The statement on the matter was released on Saturday from a Royal House spokesperson following a report published in the Nieuw Israelitisch Weekblad, or NIW, a Dutch Jewish weekly, about the objections of parents of several Jews from the classroom of Princess Irene and Princess Margriet at the Nieuw Baarnsche School in Baarn, a town located five miles east of Amsterdam.
“The material published is too serious and the allegations too grave to provide a rapid response,” a Royal House spokesperson told the NRC Handelsblad daily on June 27, adding the Royal House would reply next week to queries on the subject.
The NIW article about the school was based on internal documents of the Jewish Community of the Netherlands from 1952 that came to the attention of Bart Wallet, a historian with the University of Amsterdam who is researching Dutch royalty’s relationship with the kingdom’s Jewish community.
In the document, dated February 1952, Benjamin W. de Jongh, then-secretary of the Jewish community, wrote: “The classes which the princesses would have attended were split and the children of Jewish descent were placed in the parallel class, the one which the princesses were not supposed to attend.”

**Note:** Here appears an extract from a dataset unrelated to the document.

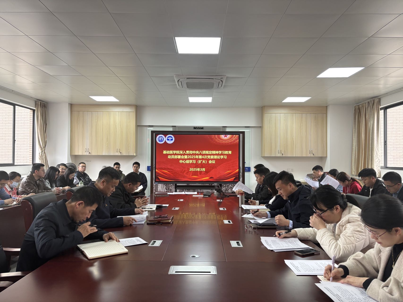 2025年3月28日,世界杯 党委召开深入贯彻中央八项规定精神学习教育动员部署会,认真学习贯彻习近平总书记关于深入贯彻中央八项规定精神学习教育的重要讲话和重要指示精神,贯彻落实中央、省委和学校党的建设工作领导小组会议部署要求,研究部署全院学习教育工作。学院党委书记郭松斌主持并讲话。
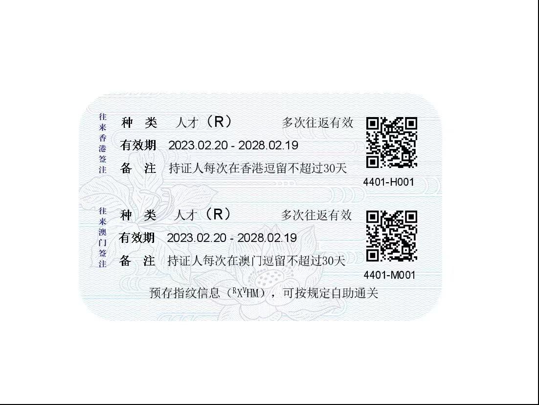 在新措施下,符合內地當局訂定的資格的六類人才可以向內地當局申請有效期五年、三年或一年的人才簽注,在簽注有效期內多次往來香港,每次在香港逗留不超過30天。相較目前的商務簽注的七天逗留期限,人才簽注將大大提高合資格高端人才訪港的便利性。如持人才簽注的人士同時符合較早前特區政府在2023年2月1日起擴展的「為來港參與指定界別短期活動的訪客提供入境便利先導計劃」,亦可以訪客身份在港參與指定短期活動而無須申請工作進入許可。

Wallet’s research showed that parents of Jewish children who were transferred to the parallel class protested the move to the Royal House. The late Queen Juliana, the grandmother of King Willem-Alexander of the Netherlands, replied to the parents in a letter in which she wrote that the royal family “has not been anti-Semitic, is not anti-Semitic and will not be anti-Semitic.”
But according to NRC Handelsblad, Juliana is not known to have intervened in the partition of her daughters’ class.
In an editorial statement, the NIW said that the removal of Jewish children “six years after the Holocaust is not just a stain on Juliana’s coat of arms. It is a serious omission.”
Wallet told NRC that, while the Royal House had a “passive attitude” to the removal, it was probably decided on by the prestigious school after influential parents insisted their children attend the princesses’ class.
“The ones who didn’t make the cut were those who were less accepted in the prestigious milieu, including local Jews.”